|duck science||usb memory for data-storage and back-up|
USB i-Duck is a flash drive storage device for your archives, back-up, documents, i-tunes, movies, music, and photos. It's powered by the computer's USB port: so doesn't need feeding. It's cute, useful, and only 37mm long, beak to tail.
USB i-Duck has a soft plastic glow-in-the-dark body in pink, yellow, orange, blue, hearts, camouflage, or transparent, and a tiny USB flash-memory module which lights up when it's busy. It needs no installation, uses no batteries, and works with any modern PC or MAC.
|THE USB I-DUCK: PHOTO|
To look at the pop-up photo, hold your mouse over the zoom button below: you don't need to click.
i-Duck USB Flash Drive.
A USB solid-state memory device, sometimes called a USB flash drive, memory key, memory stick, or thumb drive, can hold thousands of documents, spreadsheets, photographs, or music tracks.
To use it, just plug it in. The computer recognises it, adds it to its list of drives, and gives it a temporary drive letter, for example E. When you unplug it, the computer knows it's gone, but doesn't interfere with anything else you're doing.

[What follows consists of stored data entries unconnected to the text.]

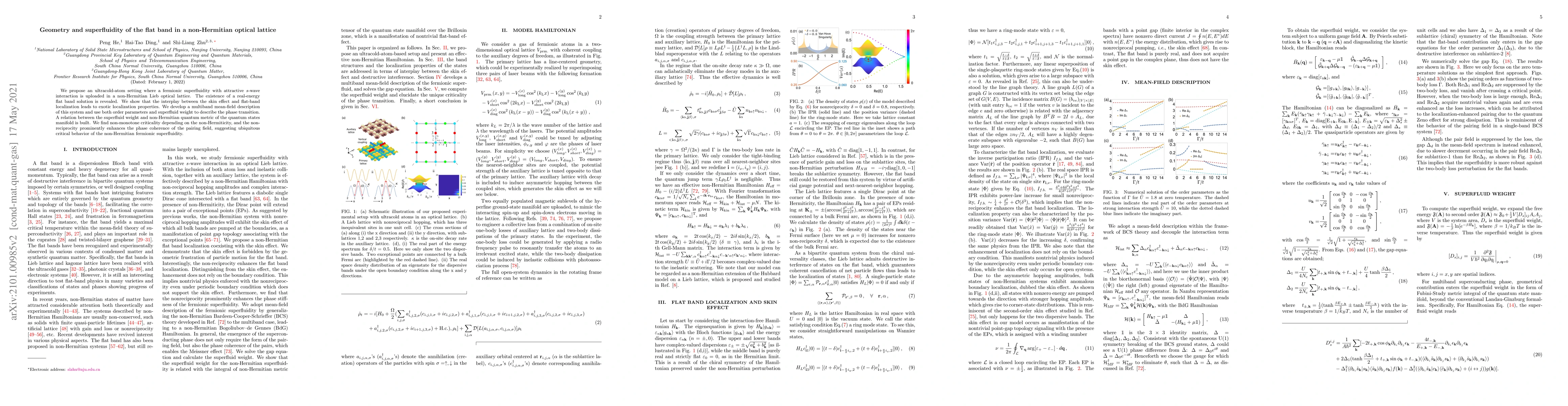 We propose an ultracold-atom setting where a fermionic superfluidity with attractive s-wave interaction is uploaded in a non-Hermitian Lieb optical lattice. The existence of a real-energy flat band solution is revealed. We show that the interplay between the skin effect and flat-band localization leads to exotic localization properties. We develop a multiband mean-field description of this system and use both order parameters and superfluid weight to describe the phase transition. A relation between the superfluid weight and non-Hermitian quantum metric of the quantum states manifold is built. We find non-monotone criticality depending on the non-Hermiticity, and the non-reciprocity prominently enhances the phase coherence of the pairing field, suggesting ubiquitous critical behavior of the non-Hermitian fermionic superfluidity.
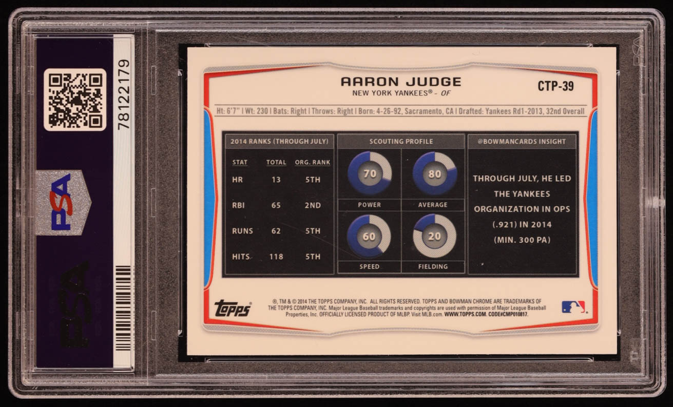 Aaron Judge 2014 Bowman Chrome Draft Top Prospects #CTP39 RC (PSA 10)
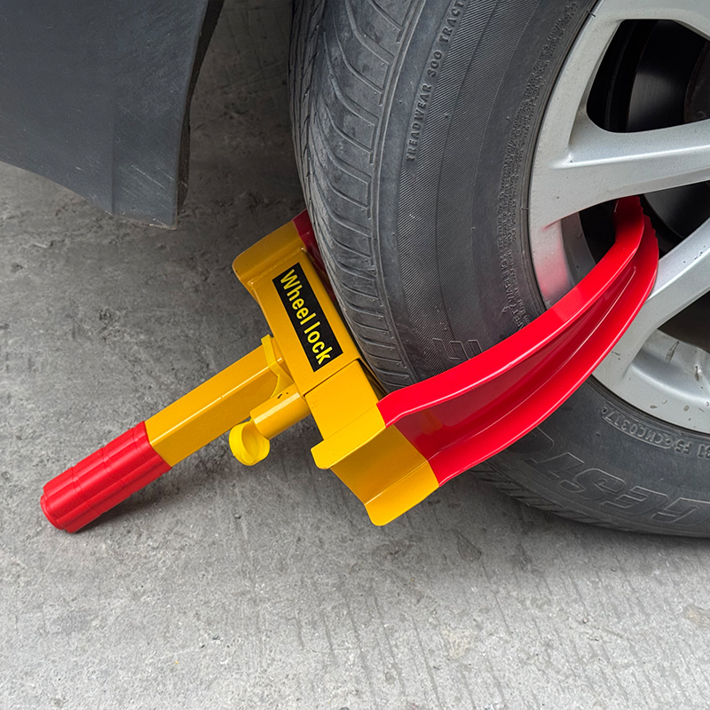 Position on Wheel: Place the clamp securely around the tire and rim, ensuring the locking mechanism is positioned in a way that prevents the wheel from turning.
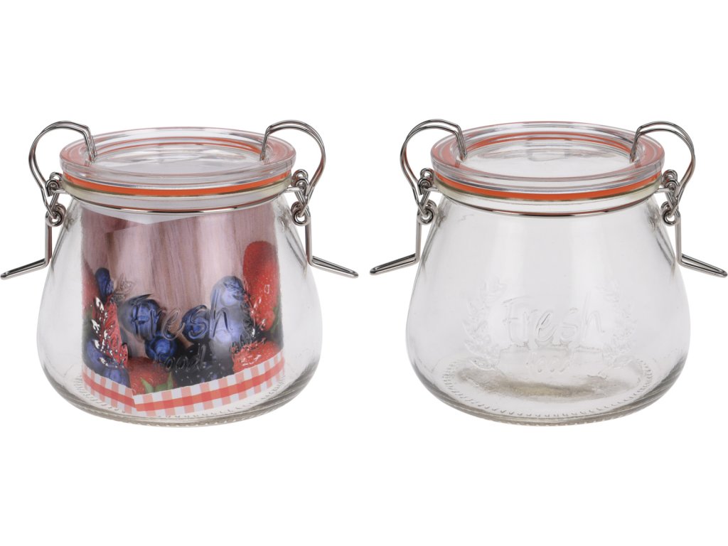 Drátěné klipy na obou stranách slouží k otevírání a uzavírání dózy a jejich pomocí tak lze víko úplně vyjmout. Tento systém usnadňuje čištění dózy. Můžete ji použít k uskladnění potravin, jako jsou sypké potraviny, ovoce, zelenina, saláty nebo předem připravených jídel. Výška dózy je 9,5 cm, průměr 9 cm, průměr dna 10 cm

You can write data to it by saving your files and read from it by opening your files, in the usual way. When you've finished working, just unplug it and use it on any computer. The simplicity of USB makes it a true plug-and-play system.
You can take it anywhere as your personal memory bank, or use it to share or swap any type of data. If you want to use it for backup or as an archive storage device, keep it somewhere safe.
Sometimes, manufacturers include free applications such as FlashMail, Mobile Lock, or SecretZip. If you look in Windows Explorer or My Computer, you can find them, open the folder, and experiment. Alternatively, just delete them.
Sometimes it's not be easy to get to your computer's USB sockets. They might be at the back, very close together, or some distance from where you sit. There's a selection of USB cables and extensions in the on-line shop.
You can move your xBox 360 profile, or transfer downloaded maps or skins, on a USB drive. However, the USB sockets are recessed and it's hard to plug in and remove a small drive. It's easier to plug in a cable and just work with the free end.
The module has a bright steel case which contains a circuit layer, a formatted flash memory chip, and a USB 2.0 interface. It takes power from the computer's USB port, so doesn't need a battery or a mains adapter. It can be used with an extension cable, up to 5.0 metres, or a multi-port USB hub.
It needs a standard USB port, but no manual installation or configuration. USB 2.0 allows a maximum data-transfer rate of 480 Mb/s: 480 million bits a second. Like all USB 2.0 devices, it also works with older USB 1.1 sockets.
If your computer has limited RAM, USB flash memory can improve the general performance of Windows: a feature called ReadyBoost uses the plug-in flash memory as extra system RAM.
The raw text on this page needs about 12KB, a jpg photo about 60KB, and an mp3 song about 4MB. So a 2GB module can store over 160 000 similar pages, or over 33 000 photos, or over 500 tracks.